◆ **Data provided**:
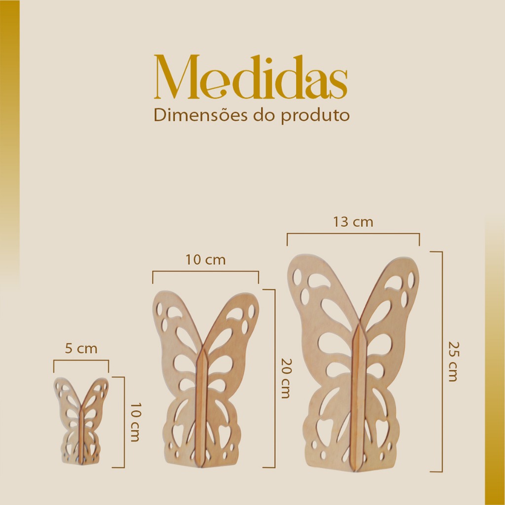 Borboleta para Decoração de Painel em MDF 6 mm – Dobrável | Festa e Decoração A Borboleta para Decoração de Painel em MDF é ideal para compor cenários criativos e elegantes em festas, eventos e decorações em geral. Produzida em MDF cru de 6 mm, possui acabamento versátil, perfeita para pintura, personalização e projetos artesanais. Seu modelo dobrável permite criar efeito 3D, trazendo leveza e destaque para painéis, paredes, mesas decorativas e fundos fotográficos. Indicada para festas infantis, aniversários, casamentos, chás, eventos corporativos e decoração de ambientes. Opções disponíveis para compra: - Borboleta 30 cm - Borboleta 70 cm - Borboleta 90 cm - Kit borboleta 70 + 30 cm - Kit borboleta 90 + 70 cm - Kit borboleta 90 + 70 + 30 cm - Kit 3 Borboletas de chão + 3 borboletas de mesa Um item decorativo versátil, moderno e personalizável, ideal para criar composições impactantes e cheias de charme. RH Variedades
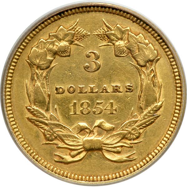 1854. PCGS Genuine. Our grade is Sharpness of AU-55 and lightly cleaned (PCGS # 7969) .
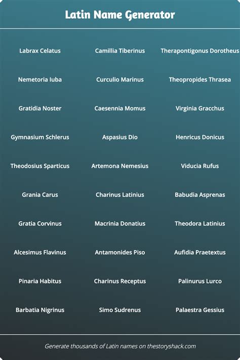 Latin Names Generator. Web generate tons of amazing latin names. 10,000's of combinations are possible, you're bound to find one you like.
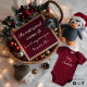Cette photo à plat présente un charmant manchot de Noël au crochet, un panier festif rempli de décorations de Noël et de verdure, et un body rouge pour bébé avec un espace pour personnaliser le nom de votre bébé. Niché à l'intérieur du panier se trouve un tableau à lettres classique affichant votre message spécial. Que vous partagiez votre nouvelle sur les réseaux sociaux, imprimiez une carte souvenir ou ajoutiez un moment spécial à l'album de votre bébé, ce design de vacances neutre en termes de genre est une façon joyeuse de célébrer la saison et votre famille grandissante.
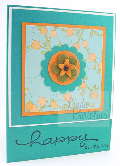 I love layering the Flower Fushion with our other great punch shapes. That is how I created the centerpiece for this card. The Designer Series layer is from Bali Breeze.
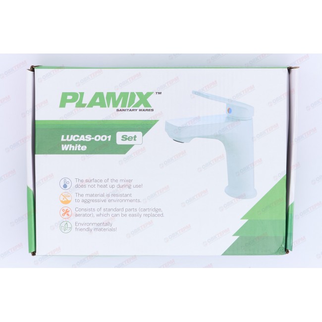 Смеситель д/умывальника PLAMIX LUCAS-001 SET WHITE (с подводкой) (30 шт/ящ)

◆ **Task requirements**:
Begin with the line holding "Cette photo à" and end with the last line of the listing. Reproduce each of those lines exactly, and leave every picture out.

◆ **Answer to the exercise**:
Cette photo à plat présente un charmant manchot de Noël au crochet, un panier festif rempli de décorations de Noël et de verdure, et un body rouge pour bébé avec un espace pour personnaliser le nom de votre bébé. Niché à l'intérieur du panier se trouve un tableau à lettres classique affichant votre message spécial. Que vous partagiez votre nouvelle sur les réseaux sociaux, imprimiez une carte souvenir ou ajoutiez un moment spécial à l'album de votre bébé, ce design de vacances neutre en termes de genre est une façon joyeuse de célébrer la saison et votre famille grandissante.
 I love layering the Flower Fushion with our other great punch shapes. That is how I created the centerpiece for this card. The Designer Series layer is from Bali Breeze.
 Смеситель д/умывальника PLAMIX LUCAS-001 SET WHITE (с подводкой) (30 шт/ящ)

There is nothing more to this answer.